* THE DATA *
· · ·

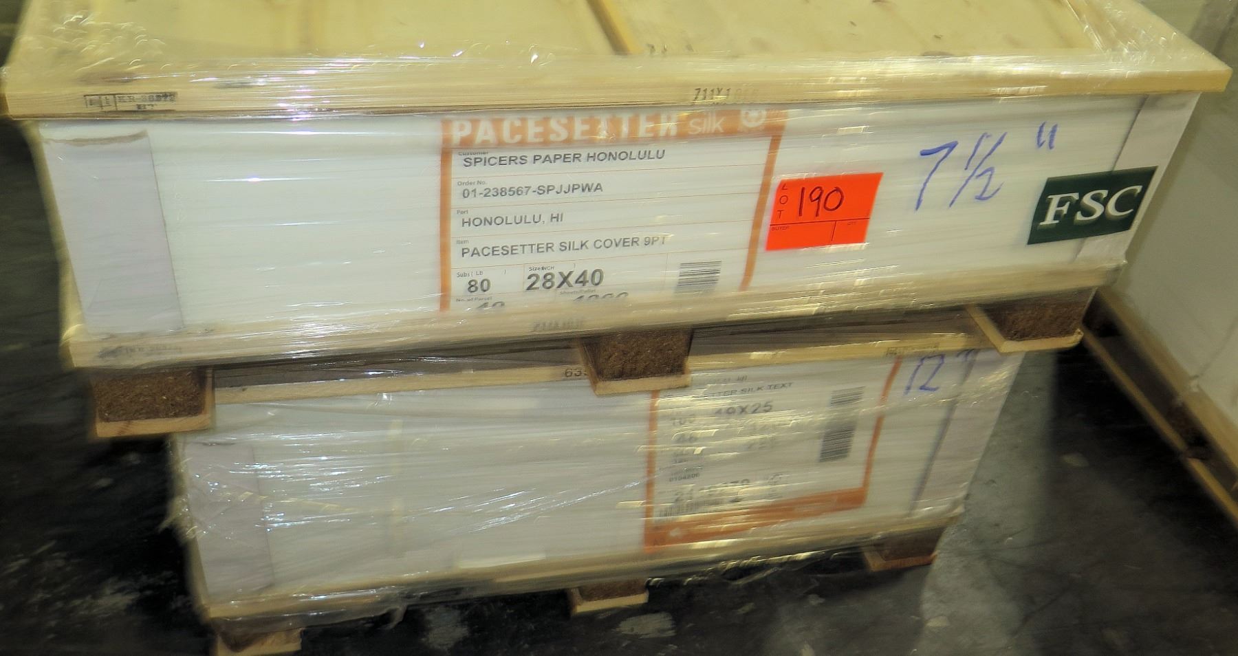 Qty 2 Pallets Pacesetter Silk Cover 28 x 40 & Silk Text 19 x 35 Paper
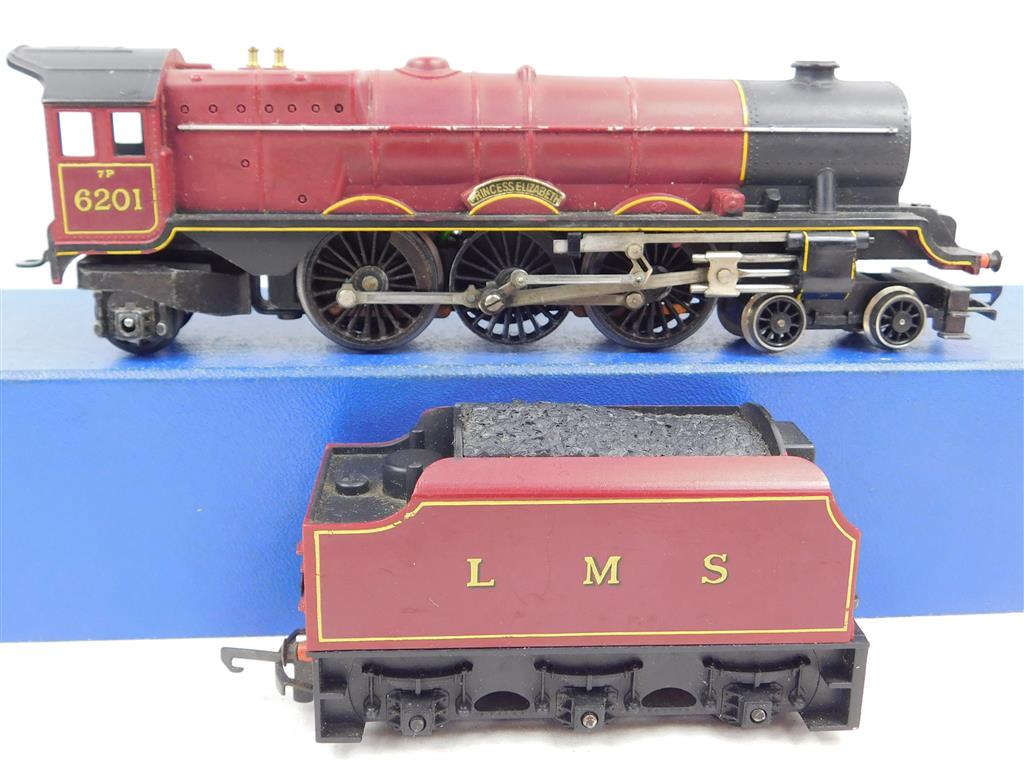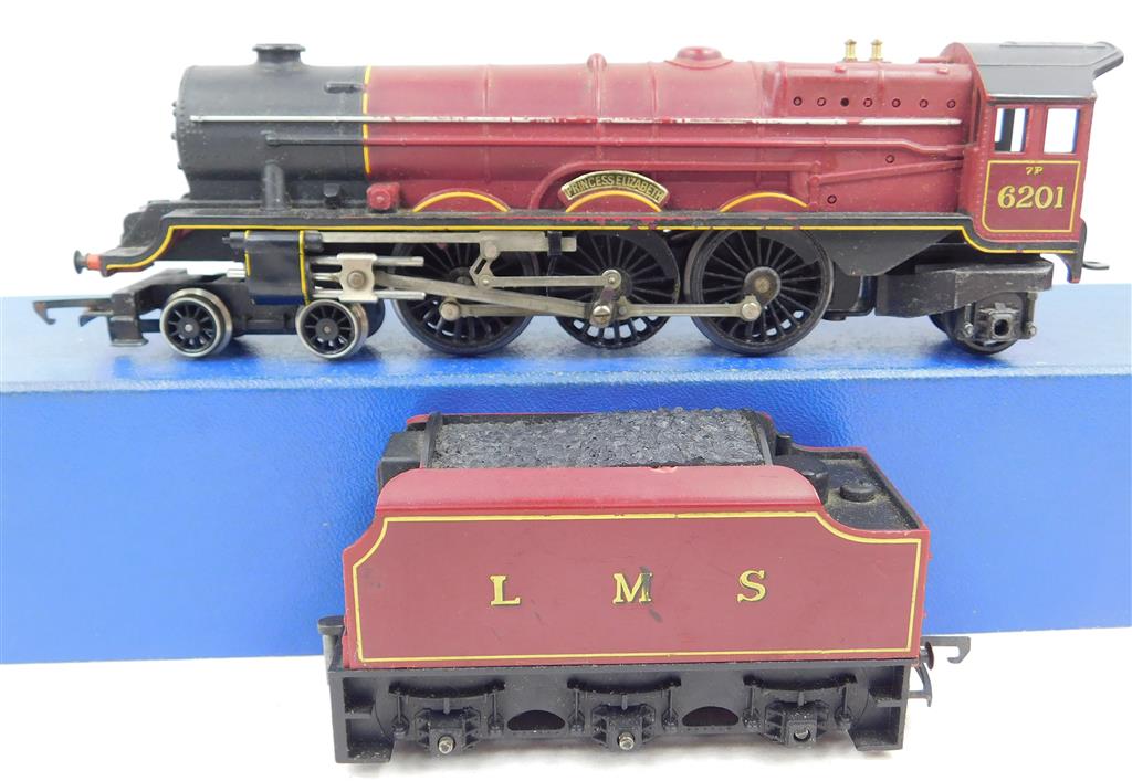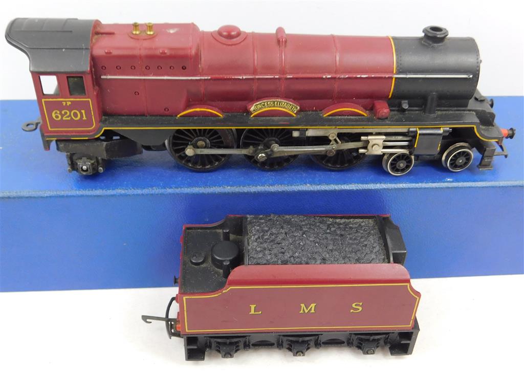 A Hornby 1970s production LMS Princess Elizabeth, noisy runner, needs a thorough electrical clean and lubrication, in good used cosmetic condition, no original box. Please note this chassis needs a controller capable of delivering at least 600mA to run well, and doesn't like new Hornby or Peco points as it has deep flanged wheels.
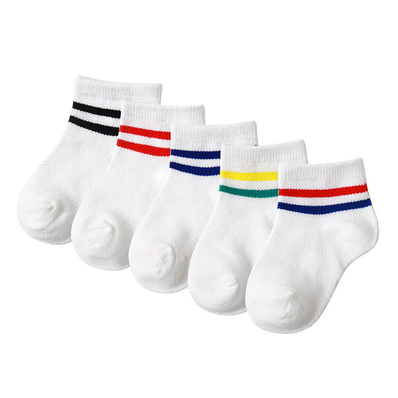 5双装 儿童袜子男女童夏季薄款春秋宝宝短袜婴儿网眼棉学院风白色
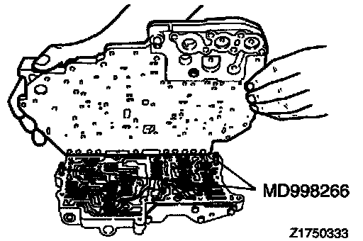 3. Secure the lower valve body with the bolts. Then, remove the special tools.

· · ·

* WHAT YOU ARE ASKED TO DO *
Return each line above word for word. Skip the pictures.

* REPLY *
 Qty 2 Pallets Pacesetter Silk Cover 28 x 40 & Silk Text 19 x 35 Paper
 A Hornby 1970s production LMS Princess Elizabeth, noisy runner, needs a thorough electrical clean and lubrication, in good used cosmetic condition, no original box. Please note this chassis needs a controller capable of delivering at least 600mA to run well, and doesn't like new Hornby or Peco points as it has deep flanged wheels.
 5双装 儿童袜子男女童夏季薄款春秋宝宝短袜婴儿网眼棉学院风白色
 3. Secure the lower valve body with the bolts. Then, remove the special tools.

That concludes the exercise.